We’re so good at tricking ourselves into escaping things we know we should do, have to do, and even want to do — all of which would lead to increasing our ultimate happiness — because those things are uncomfortable or unpleasant or just not fun. Hello, procrastination!

But Oh, What a Wonderful Feeling

It’s the same with productivity. There are so many things that trick me into that exciting, seemingly stimulating feeling of being productive.

Yet feeling productive and actually being productive are quite different. The rise of real-time communication in this digital age capitalizes on our very human bad habit of desiring and relishing that feeling. The sheer flood of information that flows through apps and tools like Twitter, Facebook, and Instagram, texting, chatting, checking in and checking out, submerges our brains. All those things feel like verbs and actions, like we’re getting stuff done.
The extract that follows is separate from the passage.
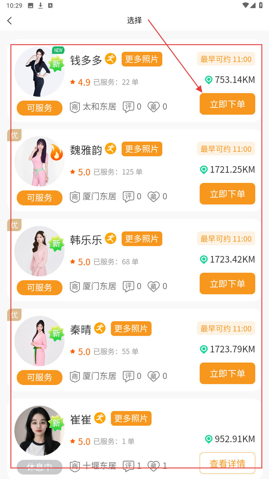 2、进入技师选择页,查看技师的详细信息,选择想预约的技师,点击【立即下单】。
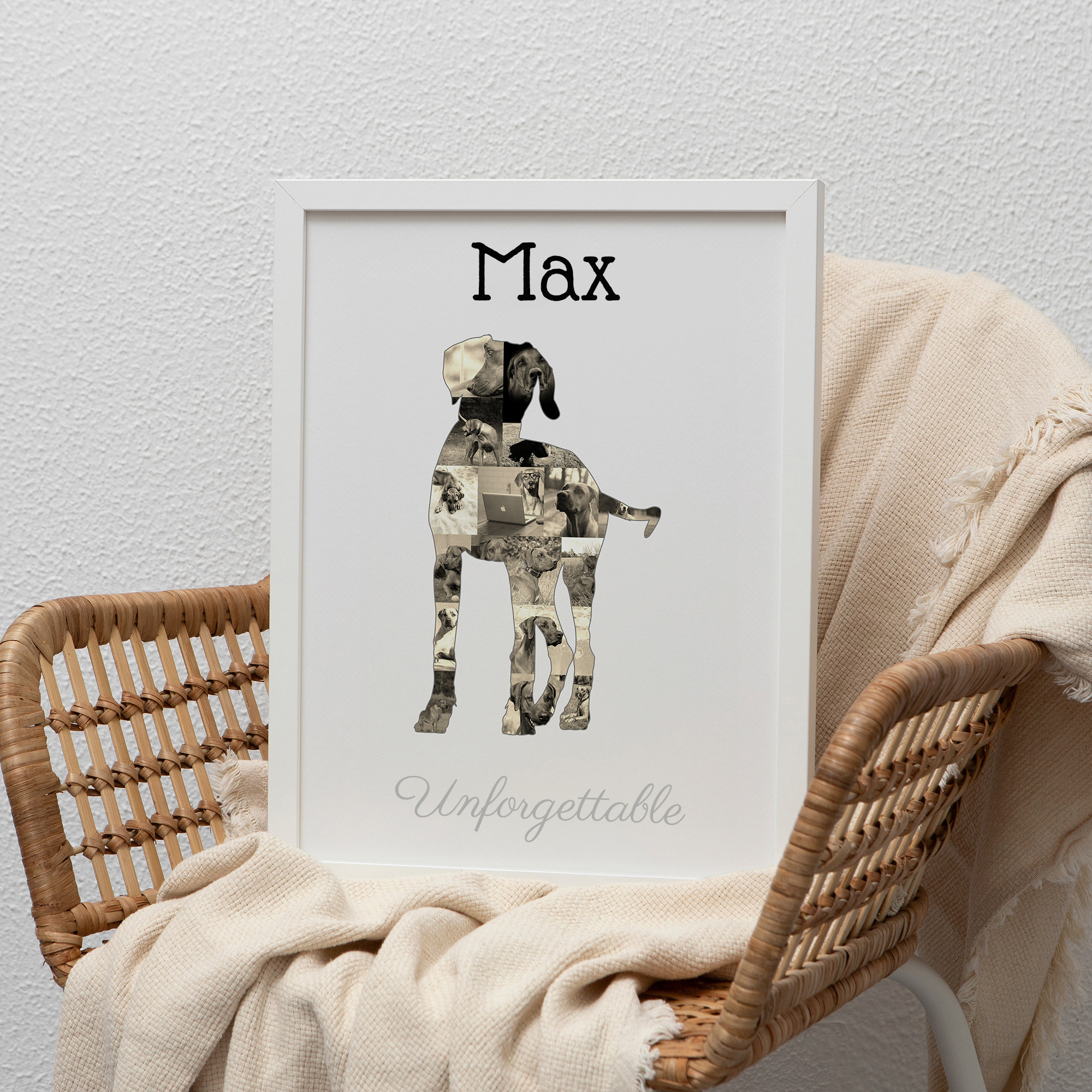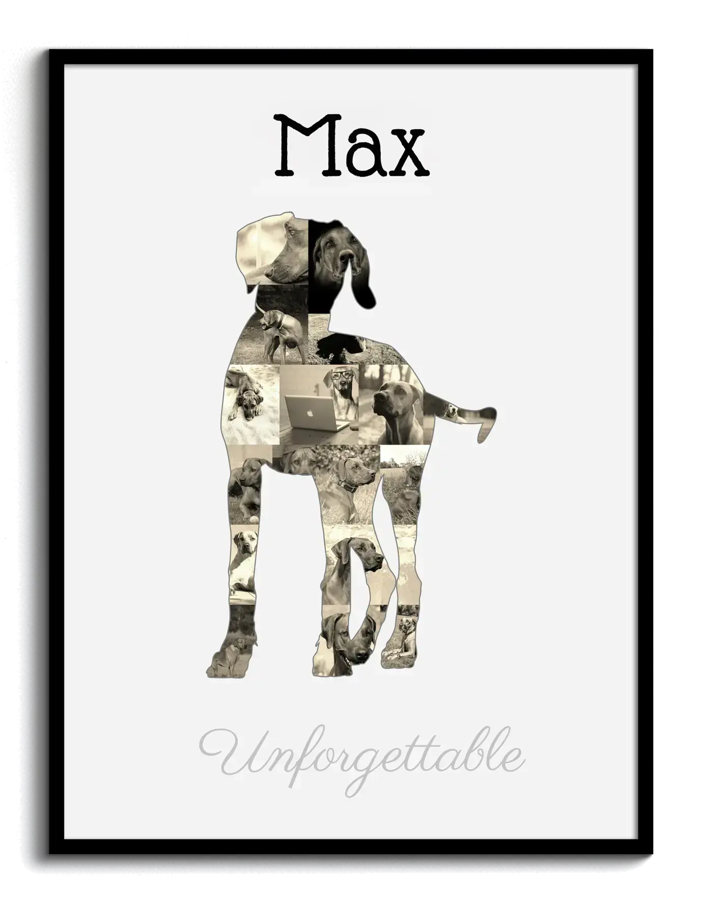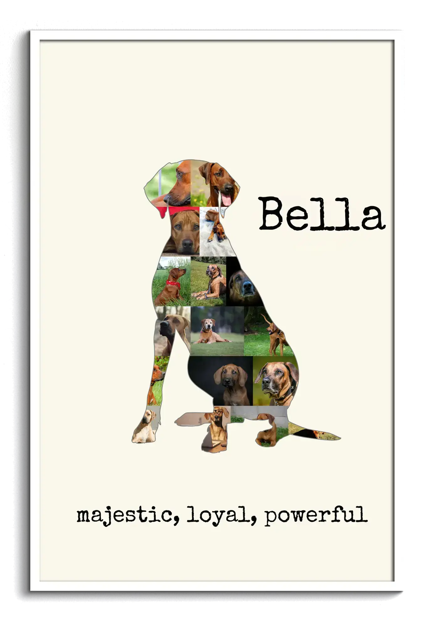 Create a unique Rhodesian Ridgeback silhouette collage with your cherished photos and custom text.

That feeling doesn’t move the needle. How is it possible to be productive without producing?

There’s only so much we can take in at a time. Human beings are naturally bad at understanding how well we pay attention to things and how we spend our time. At some point, we’re just making a mess, moving around our saturated sponge-minds.

The trouble is that even when we don’t make any real progress, we still spend our finite energy and attention chasing that feeling.

How to Savor Slower Web

It’s crazy that we sap our energy by engaging an interminable cycle of hitting refresh. Technology isn’t the total culprit in disrupting and distracting. We can choose what to let into our digital lives, by paying attention to, well, how we pay attention.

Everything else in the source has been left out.